Bone tissue volume refers to the entire volume of bone scanned (TV), bone volume refers to the volume of mineralized bone within the scanned region (BV) and fractional bone volume referring to the fraction of mineralized bone relative to the total bone volume (BV/TV) was assessed by A) μCT and B) three-dimensional reconstruction μCT renderings at the distal femur and C) TV, BV, and BV/TV at the proximal tibia D) three-dimensional reconstruction images at the proximal tibia D). E) Trabecular thickness (Tb.Th), spacing (Tb.Sp.), and number (Tb.N) was assessed at the proximal tibia by μCT analysis. F) Histomorphometric analysis of distal femur and proximal tibia using Bioquant Software. G) Expression level of osbteoblast marker genes: Osterix, Runx2, Alkaline Phosphatase (Al. Phosph.), Osteocalcin (Osteocal.) and Collagen Type I (Col 1). All expression data were obtained by RT-qPCR analysis of RNA and calculated based on the ddCt method with GAPDH as the reference gene and WT as the control. All data are shown as mean ± SEM from 12 week old female mice (n = 5–8). Statistical significance * P<0.05, ** P<0.01, WT compared with AdTg bones.

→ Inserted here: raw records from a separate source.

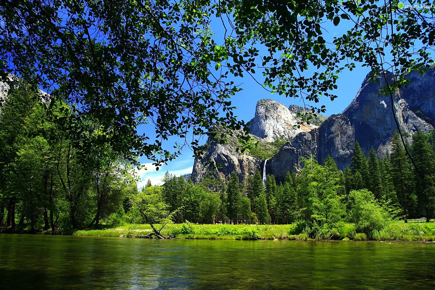 Zdjęcie Stany Zjednoczone, Stan Kalifornia, Park Narodowy Yosemite, Góry, Las, Rzeka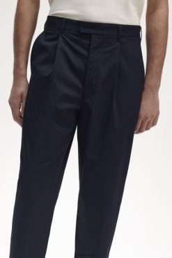 Kärbitud puuvillased toimsed püksid, mis on kujundatud õhukese istme ja peente Fred Perry detailidega.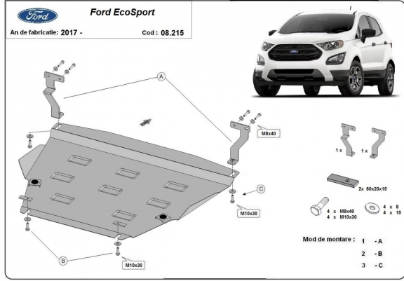 Protetores de cárter em Aço para a proteção do motor, caixa de velocidades, radiador The skid plate is new and fits perfectly for all versions of Ford EcoSport manufactured between 2017 and 2026. Os nossos protetores de cárter são feitos com chapas de aço com 2 mm de espessura com pintura eletrostática. Entregue com todos os acessórios necessários (parafusos, porcas, grampos). Todas os protetores de cárter possuem um revestimento em pó para impedir a corrosão. |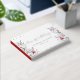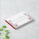 The guest book you’re referring to features a beautiful floral design with red and blue flowers, complemented by green foliage. The cover includes elegant text that reads “Our Wedding,” with customisable names and a wedding date. This guest book is perfect for couples looking to add a personal and stylish touch to their wedding stationery. It’s ideal for guests to leave their well-wishes and memories, making it a cherished keepsake for years.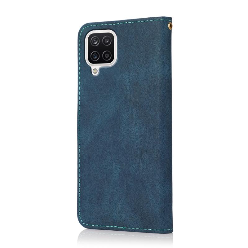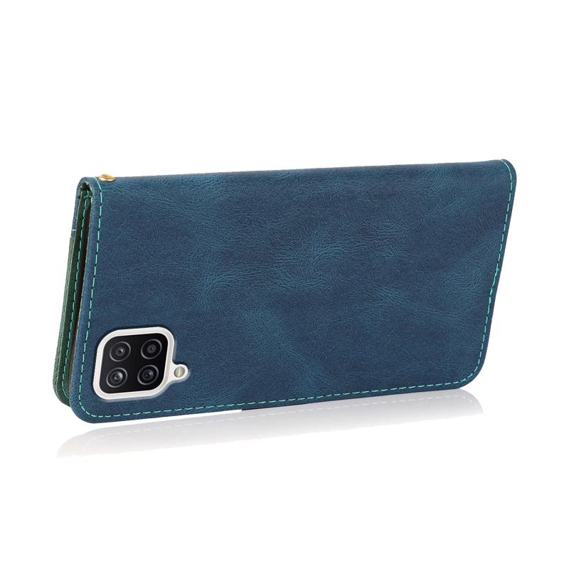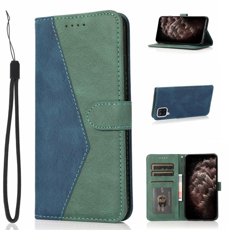 Θήκη τηλεφώνου δερμάτινη με διχρωμία ραφής για Samsung Galaxy A22 4G (Μπλε πράσινο)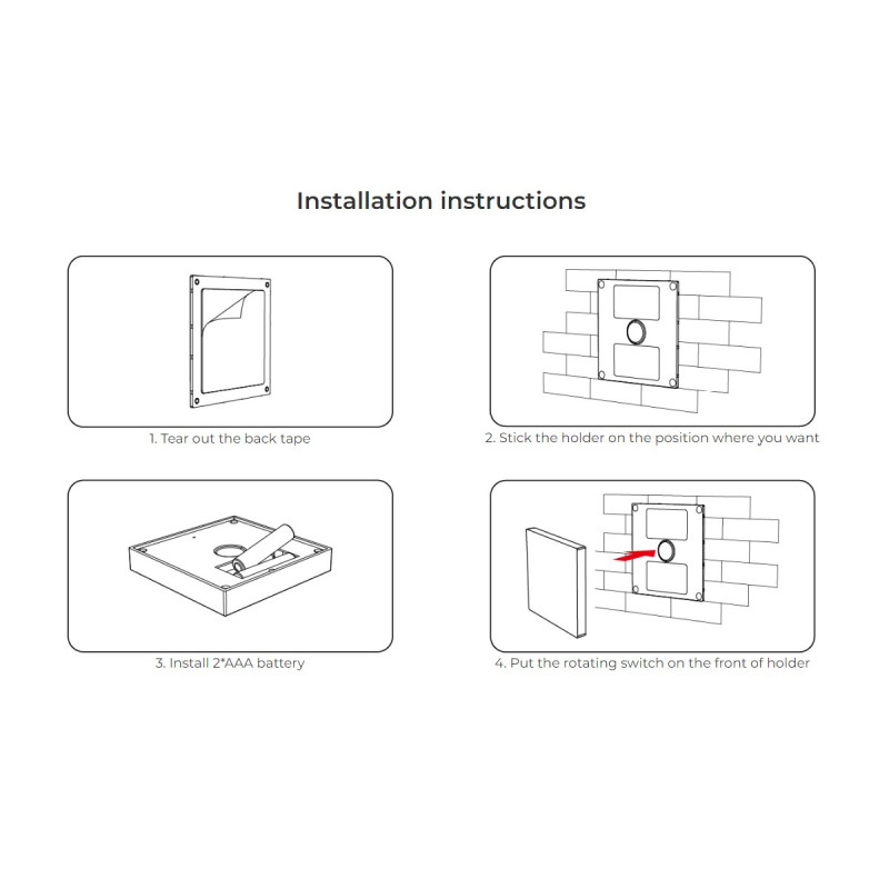 A instalação é fácil: a base autocolante é fixada à parede e o painel é colocado na parede e mantido firmemente no lugar por magnetismo.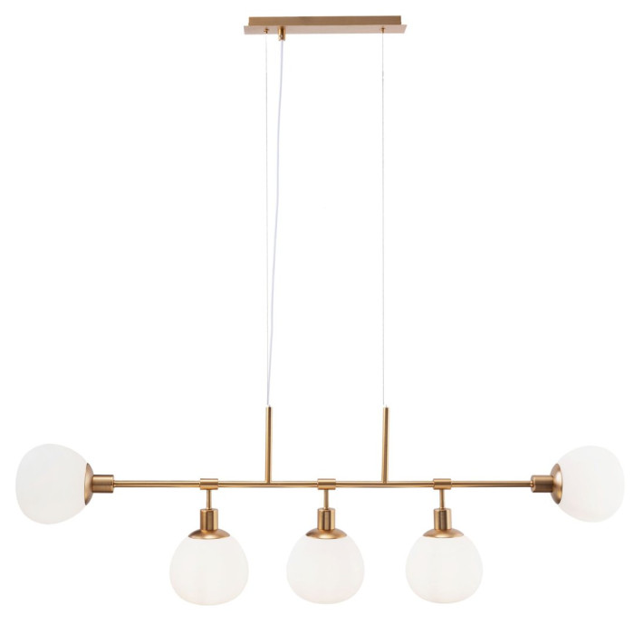 Elle se compose d'une structure métallique de coloris chrome ou laiton au choix et de cinq globes en verre dépoli.

https://doi.org/10.1371/journal.pone.0134290.g001

Cortical bone of AdTg mice was assessed by μCT at the femoral and tibia mid-shafts and at the tibiofibular junction (TFJ; Fig 2). Cortical thickness was significantly smaller at the mid-shaft of the tibia in female AdTg mice when compared to WT mice (P<0.05, Fig 2A and 2B). In female AdTg mice cortical thickness at the TFJ was significantly smaller than in WT mice (P<0.05, Fig 2C and 2D). Cortical thickness was not significantly different in male AdTg femurs, tibia, or TFJ when compared to WT mice (S2 Fig). Dynamic histomorphometry was performed in the proximal tibia of female WT and AdTg mice. Female AdTg mice displayed a decrease in mineral apposition rate and bone formation rates while no differences in osteoblast recruitment (data not shown) at the proximal tibia indicating impairment of osteoblast function (P<0.05, Fig 2E and 2F). Osteoclast numbers per bone surface were not different between the WT and AdTg mice (S3 Fig). Static histomorphometry analysis revealed a decrease in osteoclast surface in the proximal tibia of female AdTg mice (P<0.5, S3 Fig).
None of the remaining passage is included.